D: That’s why I don’t feel we can talk about languages without talking about their historical context and power dynamics. Languages are living things that can exert power over each other. The relationship between French and English is not the relationship between Mi’kmaw and English. Historically, colonially, it’s not the same. For me, part of that freedom in mixing French and English comes from my understanding that the primary relationship of power is not a fight between French and English. The larger power dynamic is between colonial languages and Indigenous languages. I’m lucky that French is very healthy in my community and in my life.
s: i loved following your thought process and journey. i became fascinated with the concept of “crossing over” between languages. The Mi’kmaw language is verb-based and polysynthetic (longer words with many word parts, and fluid word order), as you probably know. French and English are both noun-based and inflected (shorter words in specific word order). These are just different linguistic forms of language creation. Reading your work i realized that you can more easily blend French and English; it is more complex to do that with Mi’kmaw and yet i had been trying. Des fois, it feels more daunting to traverser à la rive Mi’kmaw. C’est peut-être plus difficile pour moi de continuer à nager. i am inspired to focus-in on the verb part of this concept, the “crossing over,” imagining being in water of mixed currents and landscapes.

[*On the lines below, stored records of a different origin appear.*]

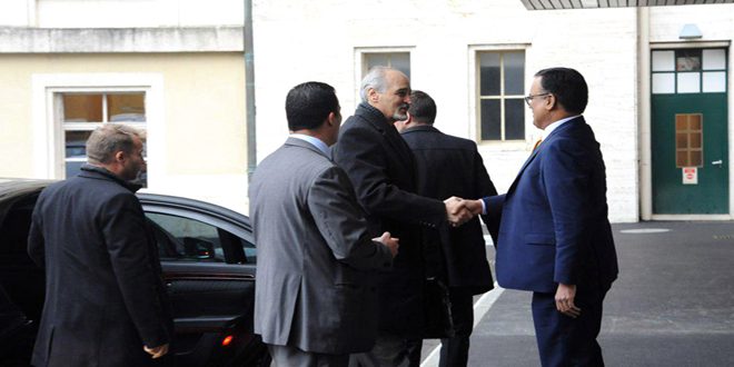 GENEVA, (ST)- The Syrian Arab Republic delegation led by Syria’s Permanent Representative to the United Nations Bashar al-Jaafari on Thursday held talks with UN Special Envoy for Syria Staffan de Mistura at the UN headquarters within the framework of the 8th round of Intra-Syrian talks in Geneva.
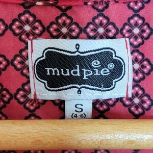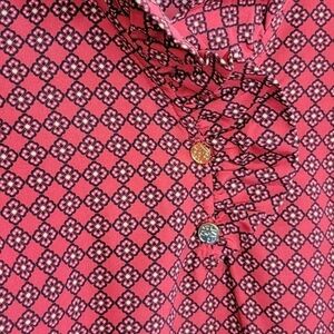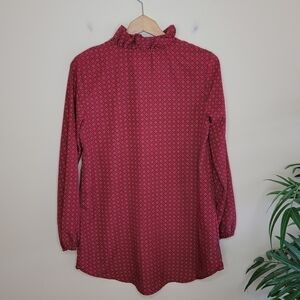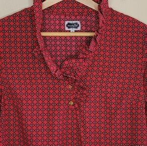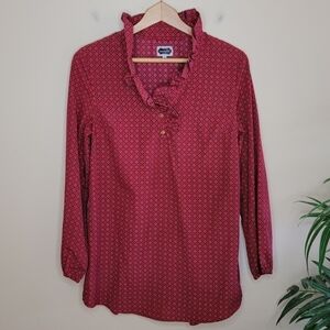 Mud Pie | Red Diamond Floral Long Sleeve Tunic Blouse Ruffle Collar Size Small
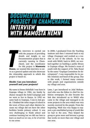 Memory Documenting the Anfal Campaign: An Interview Adminon12/12/2023/Comments closed We made a long interview with Hemn Goptapy, who is doing a documentation project about the Anfal campaign in Kurdistan and villages that were bombed with chemical gas in 1988. wadi 12_2023_eng_webHerunterladen Related
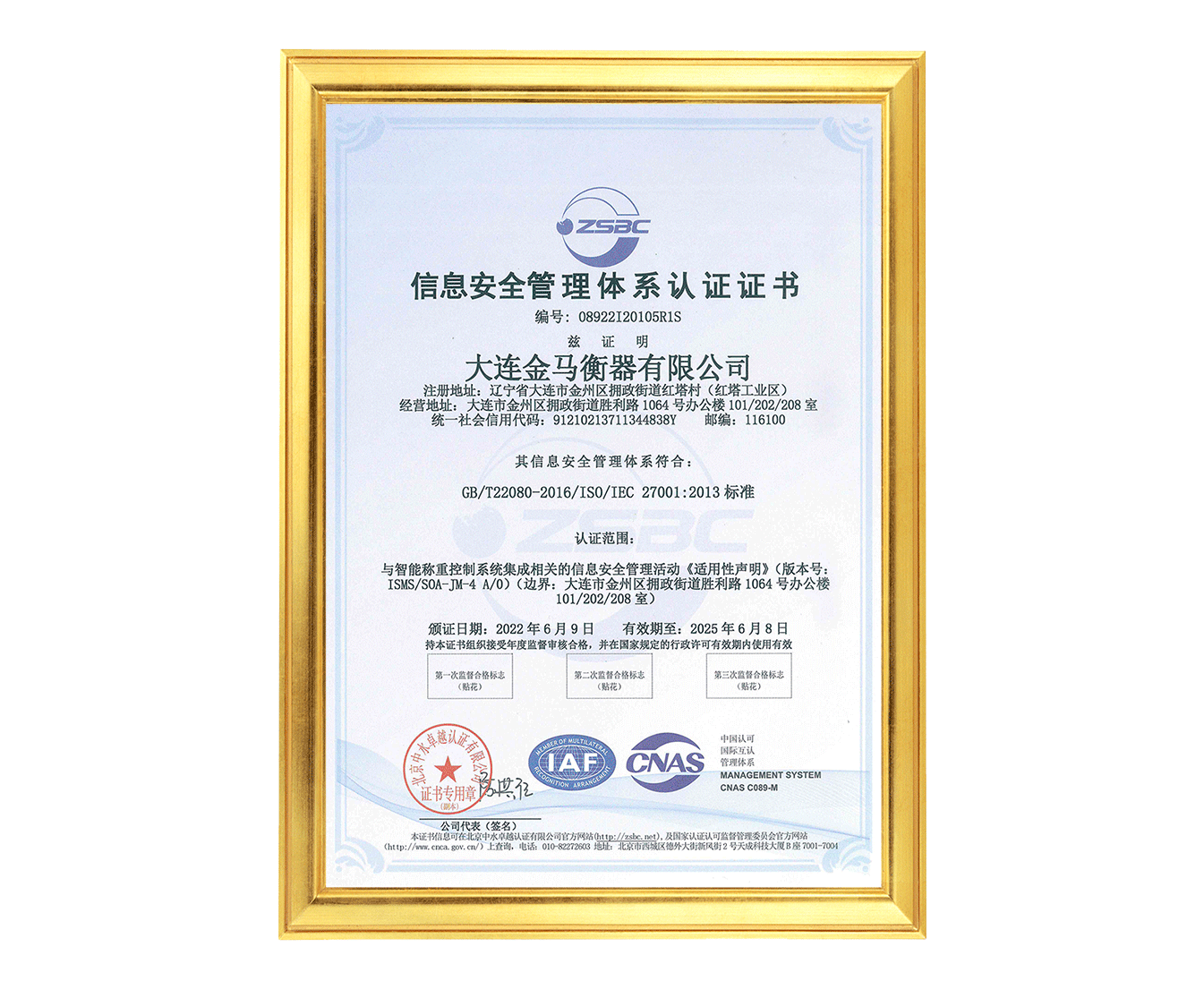 信息安全管理體系認(rèn)證證書(shū)
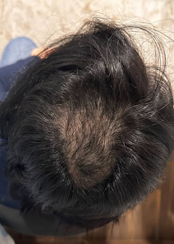 - Alopecia androgénica: Existen dos patrones de afectación, el masculino con pérdida de pelo localizada principalmente en las zonas frontal y parietal que se manifiesta inicialmente por el retraso progresivo de la línea de implantación anterior del pelo, lo que se conoce habitualmente como entradas, con afectación más tardía de la región del vértex o coronilla.
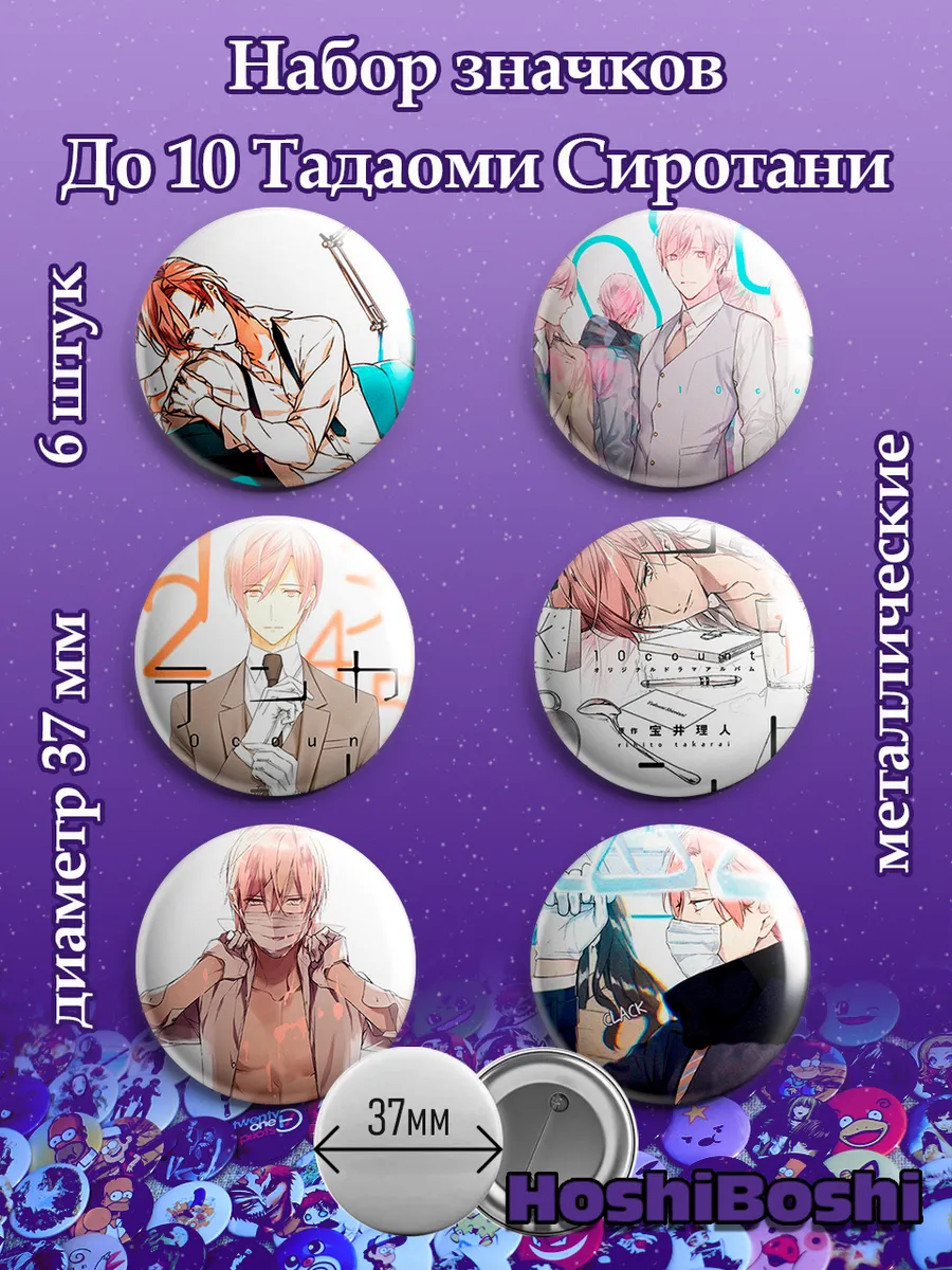 Набор из 6 металлических значков с изображениями из аниме До 10 ( Ten Count ).

D: I think that’s the thing. Languages are supposed to meet each other, and languages are supposed to influence each other. They are supposed to exchange and to be a site of sharing: I think because of the colonial context it hasn’t been that way. It’s been violent and destructive to languages. Languages meeting should be a fertile, beautiful, productive thing. We always talk about what’s lost in translation but what is gained in translation? What is gained in the interplay and in talking about how to say things in different languages? That’s what I’m interested in. That’s what’s beautiful.
My metaphor about crossing over is also about transplanting: taking seeds or plants from one place to another. I wanted to explore this idea: can a language grow in a different geographical place?
s: i appreciate following your journey and at the end you find a peace. That’s how i write too. i go through some of the turbulence of this pain of what is lost or the challenge of today but then i always find a way to say to myself: we can heal from here. What is your message to readers?
D: For me it was important to end on hybridity and on looking forward. The last poem is called “Vision” and it’s a fully bilingual poem. I think of it as one of my most successful attempt at fully integrating French and English. I wanted to end with the idea that the relationship between languages should be a positive force going forward, into the future. I hope our languages can co-exist, influence each other in a way that enriches instead of dividing us. Instead of those relationships creating conflict inside of us, I hope we can see the beauty and potential in them.